● Problem details
Copy the records below exactly, from the line containing "Отварить очищенный картофель" through the last line, and leave out every picture.

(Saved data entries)

* * * * * * *

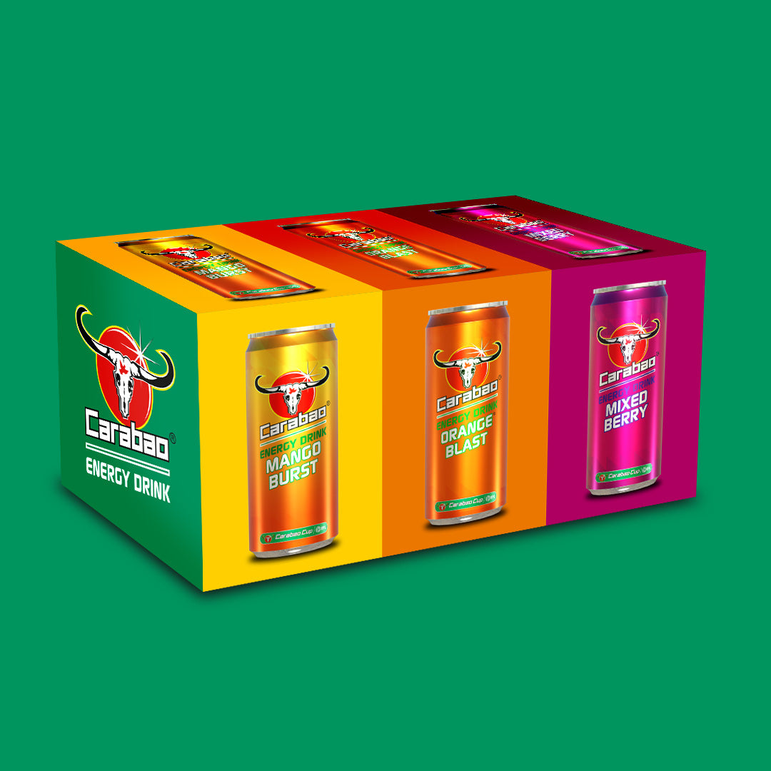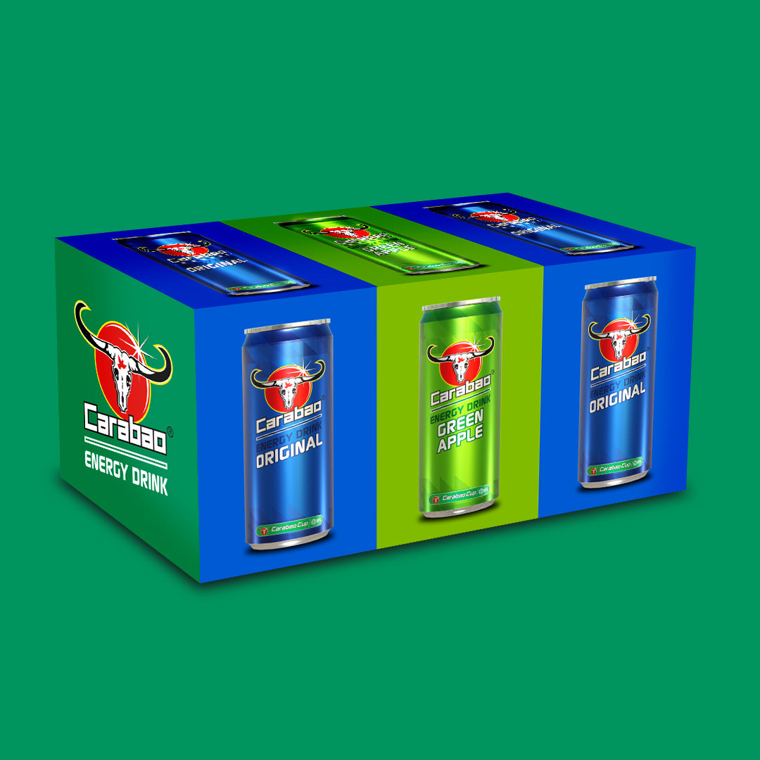 Get 3 tasty Carabao flavours in one pack. Choose three great tasting fruity flavours and enjoy a combo of deliciously light and sparkling energy drink. Half the sugar of traditional energy drinks, from only 41 calories per can. Choose from Green Apple, Mixed Berry, Mango Burst and Original energy flavours. Contains taurine, caffeine and B vitamins which replenishes energy* and relieves fatigue*. Comes in 36 pack of 330 ml each.
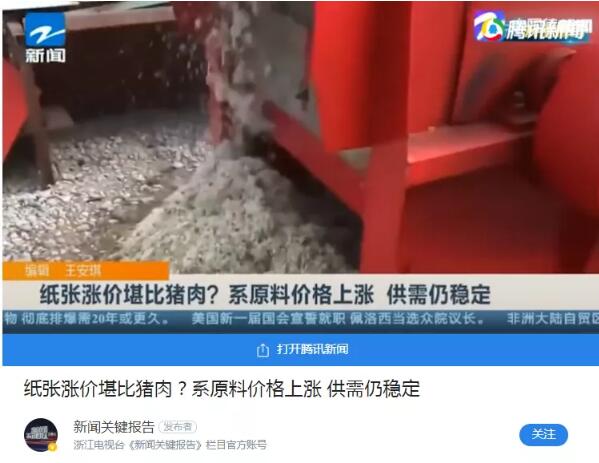 12月以來,紙張漲價堪比豬肉的消息甚囂塵上。 紙企掀起漲價潮 年關將至,吃的用的都在沖KPI。繼“豬肉價格反彈”上熱搜后,近期“全國多地紙巾漲價”也沖上熱搜。 然而不僅僅是紙巾漲價的消息在影響人們生活,包裝用紙的漲價也在牽動著紙箱老板們的心。 早在2020年12月結束之前,紙張漲價的消息就一直源源不斷。其范圍蔓延南北,幾乎全國都受到波及,部分地區(qū)甚至經歷了2020年最后一周的“突擊”漲價。 及至新年,紙板漲價函再次紛至沓來,直接開啟了2021年第一輪紙板漲價潮。 文化紙亦齊刷刷漲價。2020年11月份,包括APP、太陽、晨鳴、華泰等在內的龍頭紙企陸續(xù)發(fā)出漲價函,對自家文化紙?zhí)醿r200元/噸,2020年12月份起開始執(zhí)行。自2020年8月起,紙企頻繁發(fā)布漲價函,一些銅版紙產品至今已累計提價約600-800元/噸。 受升級版“限塑令”影響,白卡紙價格亦反彈明顯。 紙張、紙巾為何紛紛漲價? 小編根據關鍵詞查找了一番,很快找到了浙江電視臺的《紙張漲價堪比豬肉?系原料價格上漲 供需仍穩(wěn)定》。
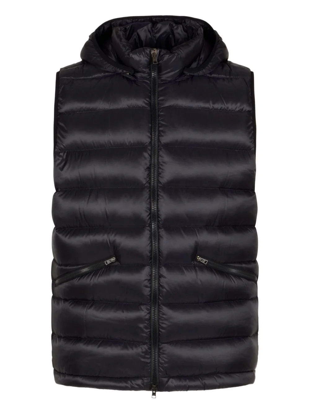 hooded quilted gilet Highlights - Black - Quilted design - Hooded neckline - Zip fastening Imported Composition Polyamide 100%, Nylon 100% Washing instructions Read Manufacturer Guidelines
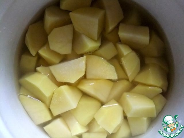 Отварить очищенный картофель в подсоленной воде.
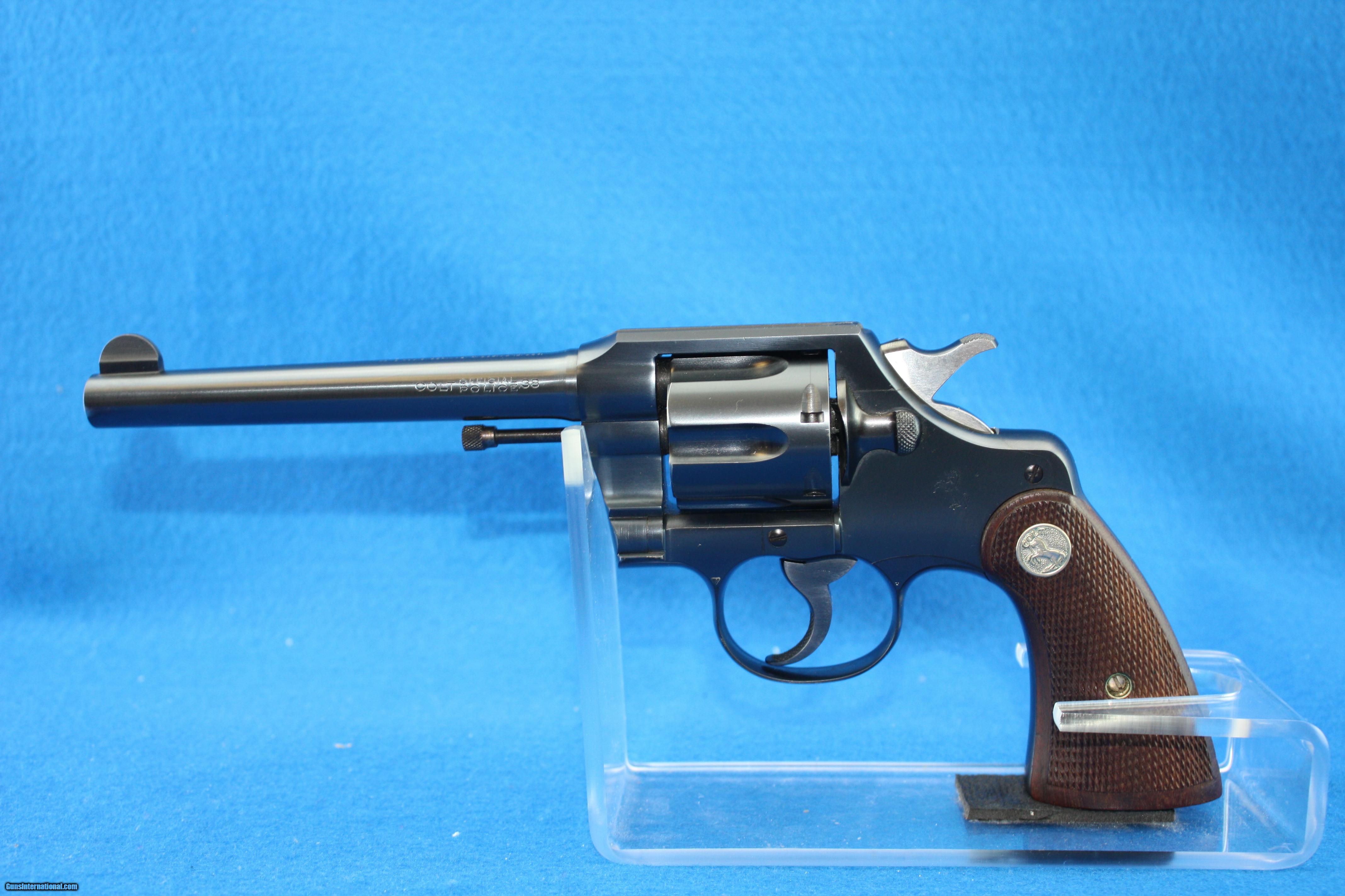 Description: COLT OFFICIAL POLICE, MFG 1937 PRE WAR, .38 SPL, 6" BARREL, FIXED SIGHTS, BLUING VERY GOOD, WOOD GRIPS AND CHECKERING VERY GOOD, APPEARS TO HAVE BEEN FIRED VERY LITTLE, OVERALL 98%+. HOLSTER INCLUDED. ADD 3% FOR CREDIT CARDS. SHIPPING $25.00 SOLD |

* * * * * * *

● Exercise response
 Отварить очищенный картофель в подсоленной воде.
 Description: COLT OFFICIAL POLICE, MFG 1937 PRE WAR, .38 SPL, 6" BARREL, FIXED SIGHTS, BLUING VERY GOOD, WOOD GRIPS AND CHECKERING VERY GOOD, APPEARS TO HAVE BEEN FIRED VERY LITTLE, OVERALL 98%+. HOLSTER INCLUDED. ADD 3% FOR CREDIT CARDS. SHIPPING $25.00 SOLD |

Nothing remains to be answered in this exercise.